Despite maintaining its index position, Strategy shares closed the day down 3.74%. The stock has remained under pressure in recent weeks, declining more than 15% over the past month.

MSCI Review Puts Strategy’s Index Status at Risk
Strategy’s inclusion in the Nasdaq 100 has drawn attention not only for its unconventional business model, but also for the growing debate over whether companies built around large digital-asset holdings should be treated as operating firms or effectively as investment vehicles.
That debate intensified this year as MSCI began reassessing how it classifies companies that raise capital primarily to acquire cryptocurrencies. The index provider has reportedly considered excluding firms whose crypto holdings account for more than 50% of total assets—a move that could affect Strategy as early as January. JPMorgan has warned that such a decision could force passive funds to sell up to $2.8 billion worth of Strategy shares.
Strategy’s leadership has pushed back against that characterization. In a Dec. 10 letter to MSCI, Executive Chairman Michael Saylor and CEO Phong Le argued that the company is an operating business, not a passive Bitcoin holder, noting that it actively issues preferred stock and other financial instruments to fund its strategy.
Strategy Raises $1.4 Billion to Ease Market Concerns
Strategy recently raised $1.44 billion in capital to address market concerns about its ability to meet dividend and debt obligations if its share price were to fall further. “There was FUD suggesting we wouldn’t be able to meet our dividend obligations, which encouraged traders to pile into short Bitcoin bets,” Le said.

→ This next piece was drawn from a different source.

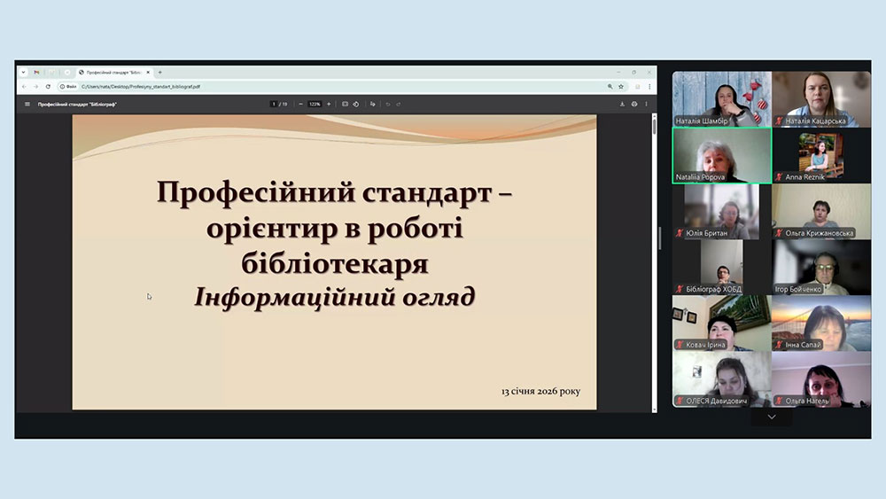 Розпочалася робота заходу з виступу Наталії Попової, головного методиста Херсонської обласної бібліотеки для дітей імені Дніпрової Чайки – «Професійний стандарт – орієнтир в роботі бібліотекаря». Спікерка презентувала нещодавно затверджений стандарт «Бібліограф», який став завершальним етапом масштабного оновлення професійних вимог у бібліотечній сфері після двох попередніх професійних стандартів та розповіла колегам, що має на меті стандарт «Бібліограф», його ключові аспекти, короткий опис трудових функції. А підготовлений Ганною Новицькою, завідувачкою інформаційно-бібліографічного відділу бібліотеки, презентаційний матеріал розкривав, які знання, навички та комунікація відповідають певній трудовій функції.

Speaking at the Bitcoin MENA event in Abu Dhabi, Saylor added that he has been engaging with sovereign wealth funds, bankers, and family offices to promote Bitcoin as “digital capital” and “digital gold.” He also outlined a vision for a new class of “digital credit” built on Bitcoin, aimed at generating yield without the volatility typically associated with the asset—part of a broader effort to attract institutional capital into the ecosystem.